Perhaps the most cynical reason given for supporting Thomas is that he will be no worse than anyone else Bush appoints. This attitude is based on the belief that Roe vs. Wade has been doomed by Senate confirmation of previous nominees and the belief that the abortion issue has effectively been “settled” at the Supreme Court level.

As the confirmation process of Robert Bork demonstrated, Supreme Court appointments focus public interest on constitutional issues in a unique way and the very process of a full and spirited debate becomes the equivalent of a public referendum that takes on a political reality of its own.

It has been a mistake to allow justices who vote as Bork would have to be confirmed simply because they are not as obnoxious in their presentation. The Thomas nomination is an opportunity to re-involve the American public in the church-state debate.

The Thomas nomination takes place in the context of a religious movement in America that Bork called a “cultural war” to overturn the diversity of expression that social movements of the 1950s, ‘60s and ‘70s achieved. This “war” does not threaten only women of child-bearing age.

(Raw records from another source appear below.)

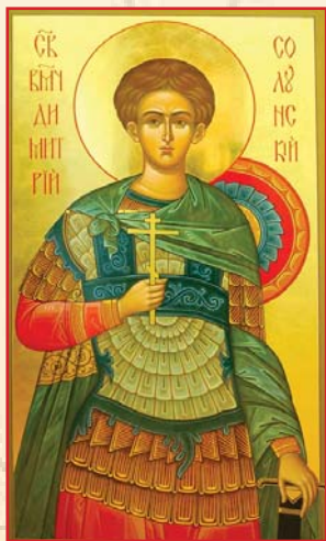
Sfântul Mare Mucenic Dimitrie, izvorătorul de mir

"Cu curgerile sângiurilor tale, Sfinte Mare Mucenice Dimitrie, Biserica Dumnezeu a înroșit-o, Cel Ce ți-a dat ție tărie nebiruită; și păzește cetatea ta nevătămată, căci tu ești întărirea ei."
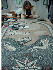
Illustration 2: en cours de pose

La tenue souple des tesselles sur le filet s'affranchit aussi d'une surface rigoureusement plane et autorise même l'envoi par colis avant la pose chez le commanditaire.
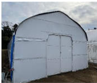
研修施設用ハウス外観
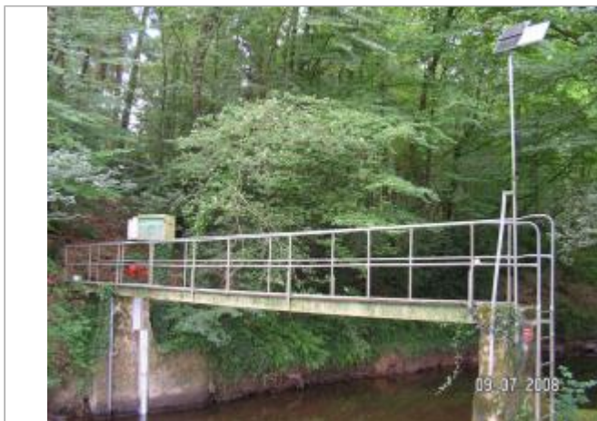
Station hydrométrique de l'Aff à Quelneuc
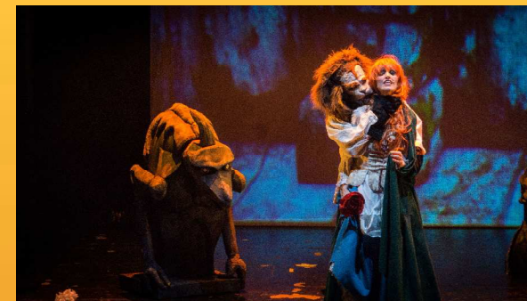
Beauty and the beast

Cette année, la compagnie présente « The Golden Compass » (théâtre en anglais), « La reine des neiges » et « Don Gil de las Calzas Verdes » (théâtre de l'Âge d'or espagnol).

As Robert Lifton of the American Jewish Congress recently pointed out in a statement opposing Thomas, “Natural rights theory (is) a problem of particular concern to the Jewish community.” Likewise, Muslims, Buddhists, members of “new age” religions, atheists, agnostics, gays and lesbians, and the entire entertainment business have come under attack for “immorality” by many of the same religious groups that enthusiastically support Thomas.

If Thomas’ notion of natural law would lead him to side with religious groups that would deny a woman the right to an abortion, what other “natural” intuitions might he try to implement from the highest court in the land?